Il secondo allarme per chi sostiene l’integrità dei parchi è l’introduzione delle deroghe ai vincoli ambientali e paesaggistici per costruire opere di «interesse pubblico», non per forza di interesse nazionale. E cambia tutto. L’esempio è l’impatto che la strada Pedemontana potrebbe avere sulla Pineta di Appiano Gentile, nel Comasco. Se la strada è ritenuta di interesse nazionale - e si sarebbe fatta comunque - lo stesso non vale per gli svincoli che dovrebbero affiancarsi alle strade locali esistenti. «Gli svincoli sarebbero potuti essere fermati dai Comuni - spiega Brambilla - ma essendo nel Piano territoriale regionale guadagneranno quell’interesse pubblico che permetterà di asfaltare le aree protette».

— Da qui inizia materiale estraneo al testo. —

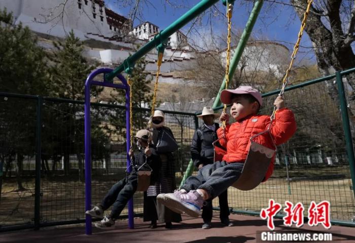 2025年3月13日,小朋友在西藏拉薩宗角祿康公園蕩秋千。坐落于布達(dá)拉宮腳下的宗角祿康公園是拉薩民眾戶(hù)外活動(dòng)的一大場(chǎng)所。中新社記者 李林 攝
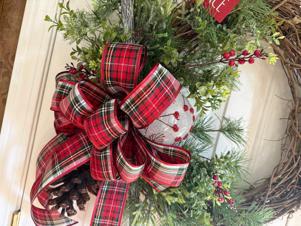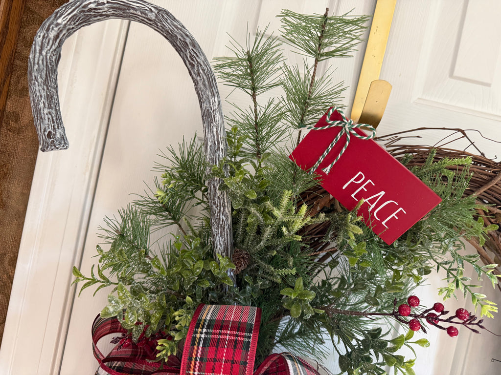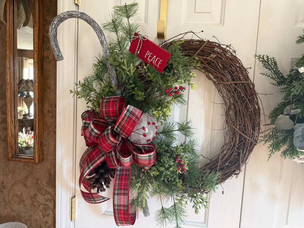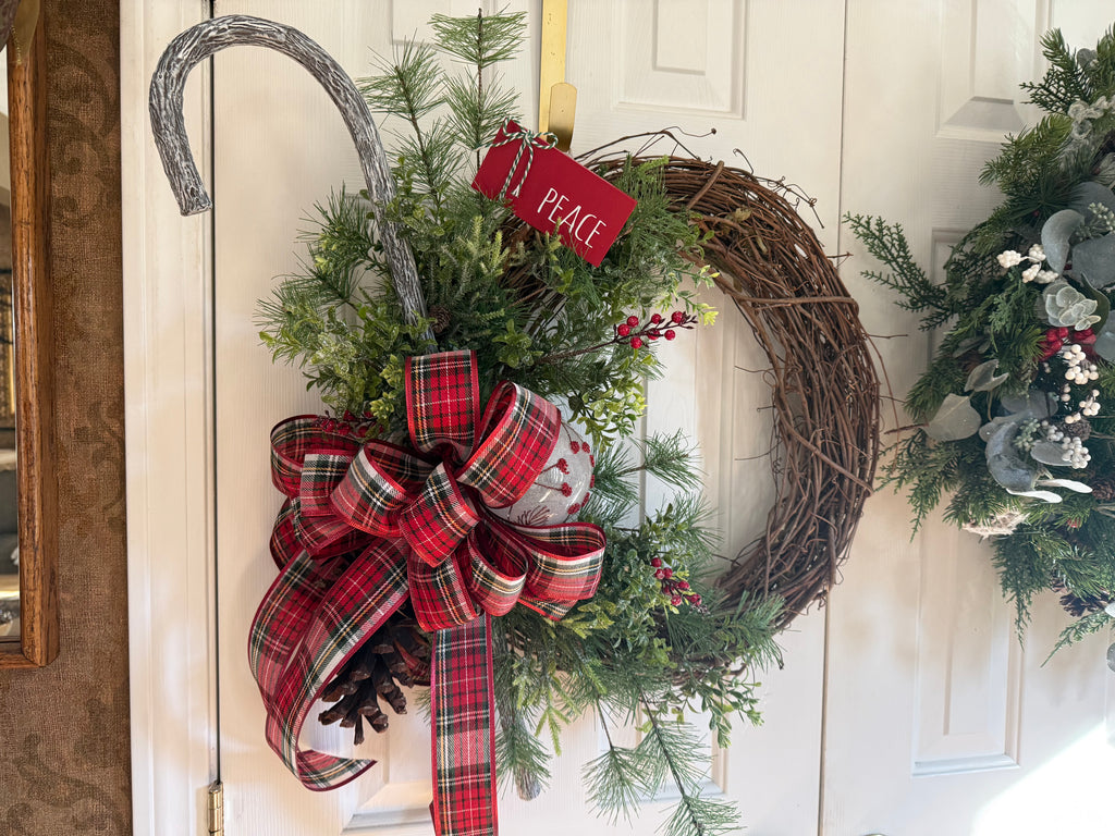 This grapevine wreath is filled with various greenery, and berries. A Peace sign is added along with a plaid bow, ornament, pine cone and a wooden candy cane.
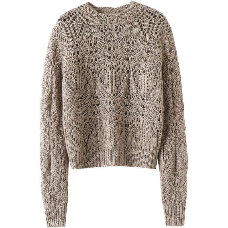 女士羊绒衫 春竹100%山羊绒季 针织衫 宽松气质无缝圆领套衫 新款

Stessa storia al parco Adda Nord, 34 Comuni in quattro province, interessato dalla Bre-Be-Mi: «All’opera si potrebbero aggiungere bretelle di collegamento, previste dalla Regione, e non ci potremmo fare nulla», dice il presidente del parco, Agostino Agostinelli. La Provincia di Milano, grazie al "bollino" regionale, potrebbe tirare fuori dal cassetto il progetto della tangenziale Ovest nel parco agricolo Sud, bocciato dai Comuni. Ma anche sulle deroghe la partita vera si gioca nel parco del Ticino. E riguarda la terza pista all’aeroporto di Malpensa.

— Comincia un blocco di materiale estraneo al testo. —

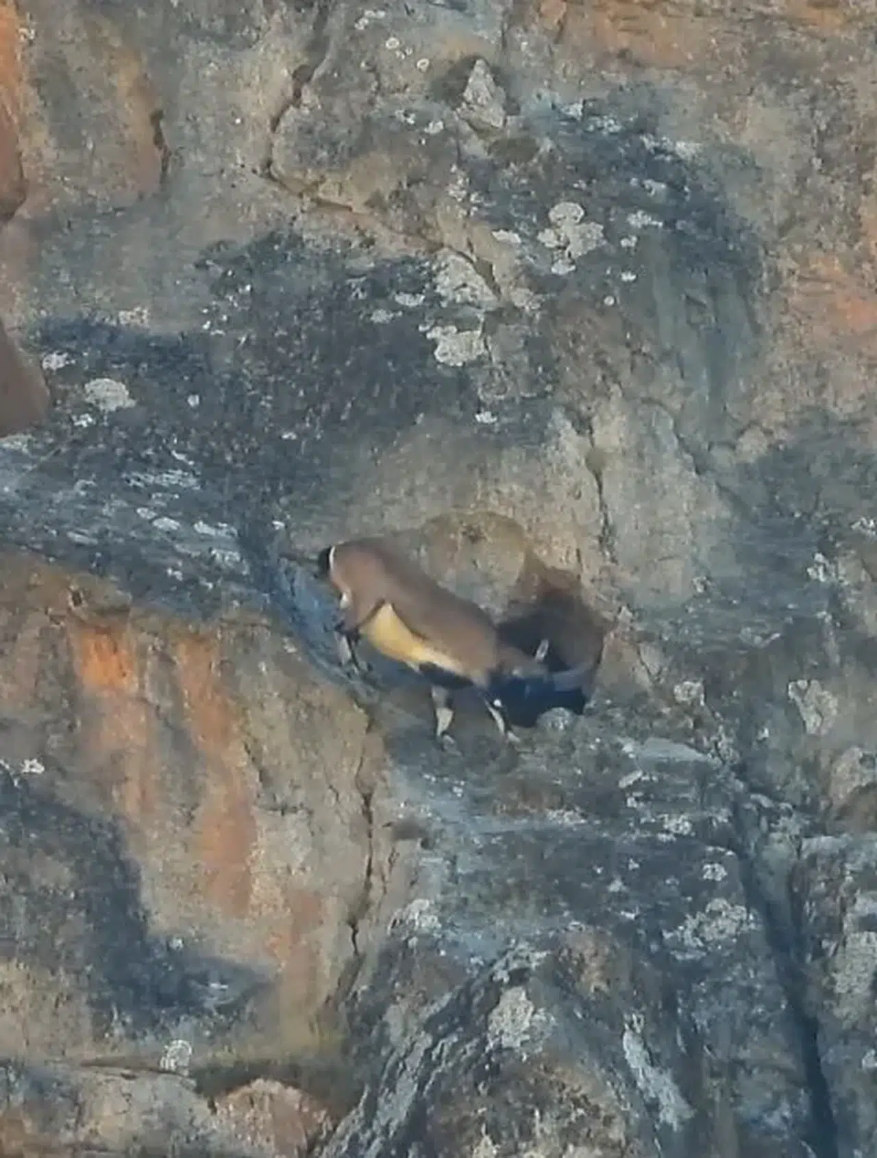 Yüksek rakımlı kayalık bölgede yiyecek arayışında olan yetişkin dağ keçisi, dar açıklığa sahip bir mağara girişine yöneldi. Oldukça büyük ve kıvrımlı boynuzlarına rağmen çevik hareketlerle dar geçitten içeri giren keçi, gözden kayboldu. Doğada "kayaların ustası" olarak bilinen dağ keçilerinin sarp ve zor arazi koşullarına uyum yetenekleri bir kez daha gözler önüne serildi. Bölgedeki yaban hayatı gözlemcileri, bu tür davranışların özellikle besin ve barınma arayışında sıkça görülebildiğini belirtti.
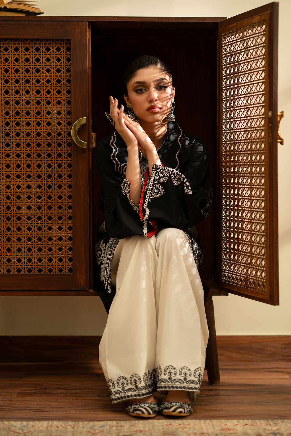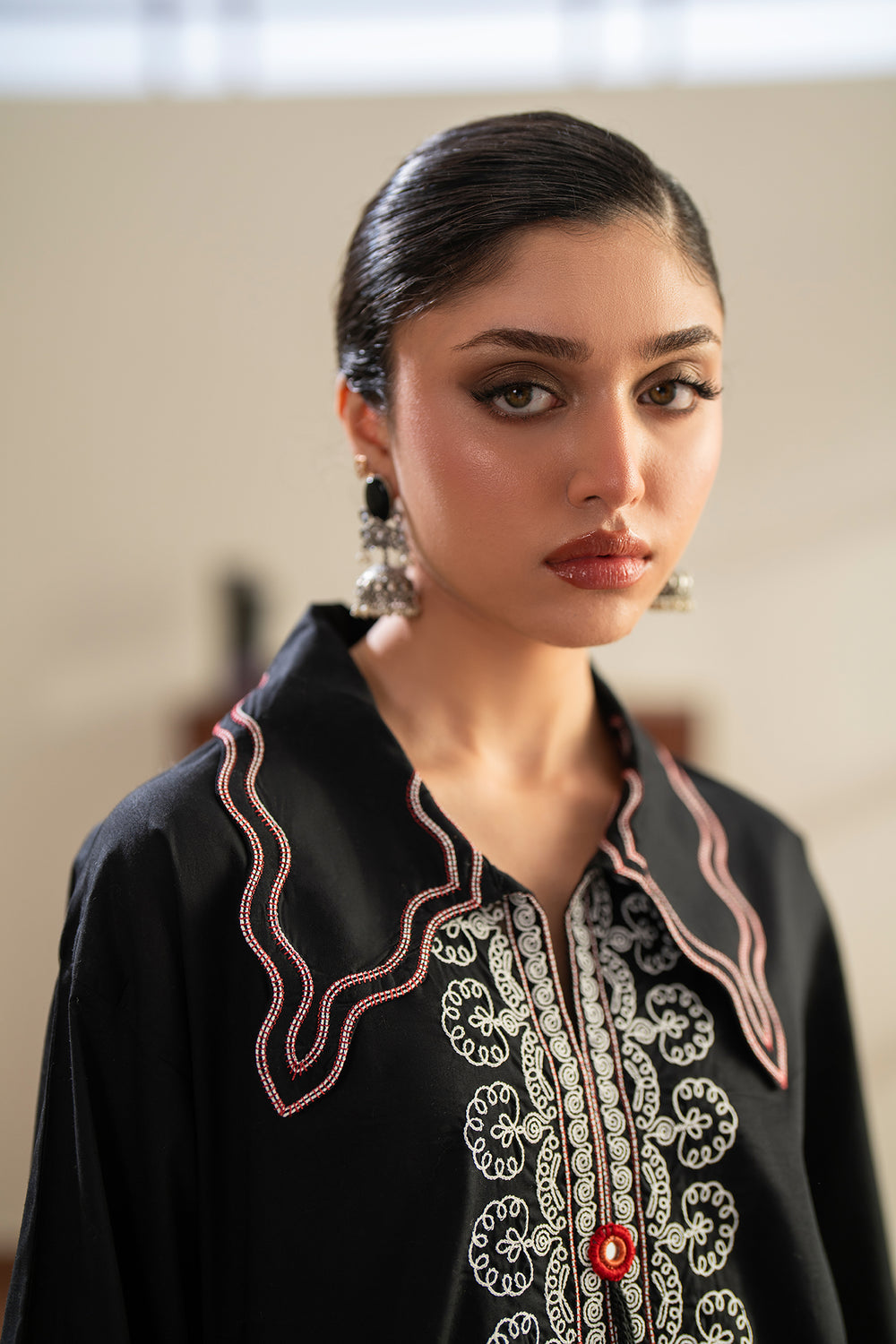 This striking black embroidered suit is a perfect fusion of bold contrast and intricate artistry. The shirt features an elaborate ivory embroidered front slit and hemline, highlighted by vibrant red button accents that add a pop of color. The oversized collar and flared sleeves are detailed with delicate threadwork, creating a strong, contemporary silhouette. Complemented by cream-colored wide-leg farshi shalwar with a matching embroidered border, this ensemble offers a sophisticated look with an artisanal edge.
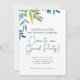 Convide seus convidados em estilo com este elegante convite de festas grande com sotaques botânicos azuis e mostarda. Uma mistura de escrita divertida e fontes clássicas dá a este cartão uma sensação moderna e celebratória. Perfeito para um evento pré-casamento, janta de boas-vindas ou pós-festa. Totalmente personalizável com seu próprio texto, local e informações de RSVP. Corresponde à Coleção de Casamentos Botânicos Azuis.
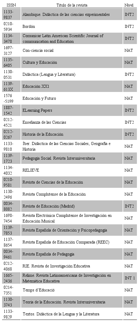 Con el ánimo de analizar la presencia en las bases citadas, mostramos a continuación el listado de revistas españolas y Latinoamericanas incluidas en la base ERIH en la categoría disciplinar Pedagogical and Education Research. Sin embargo, como se verá, la presencia de estas revistas sigue siendo muy escasa.

Milena Bertani, presidente del parco, si oppone all’ipotesi cara al Pirellone di dotare lo scalo varesino di un’altra pista: il Cda, nominato dagli enti locali, ha espresso all’unanimità parere negativo. Ora i 16 Comuni interessati dall’opera sperano in uno stop. In particolare, sperano gli abitanti di Lonate Pozzolo, che all’aeroporto dovrebbe cedere 400 ettari. Ma cosa succederebbe se nel Cda del Ticino sedesse uno uomo della Regione, come prevede la nuova legge? «È probabile che il consiglio si sarebbe diviso sul parere, perdendo forza», dice Bertani. Damiano Di Simine, presidente di Legambiente Lombardia, attacca: «Se la Regione entra nel Cda dovrebbe assicurare fondi, ma non sembra così». Per Carlo Borghetti, consigliere regionale del Pd, «Comuni e comunità montane passeranno in secondo piano».

Come nel parco delle Orobie bergamasche, dove i Comuni sono arrivati a fare combaciare esigenze di caccia, sci, tutela e urbanizzazione. Sono pronti a scrivere («in tempi lunghi, tribali», scherza un sindaco) il documento di pianificazione del parco, che manca. «Con il dirigente regionale e l’obbligo di votare uno statuto litigheremo - racconta il sindaco - saremo commissariati, perderemo la nostra identità e qui comanderà la gente di pianura».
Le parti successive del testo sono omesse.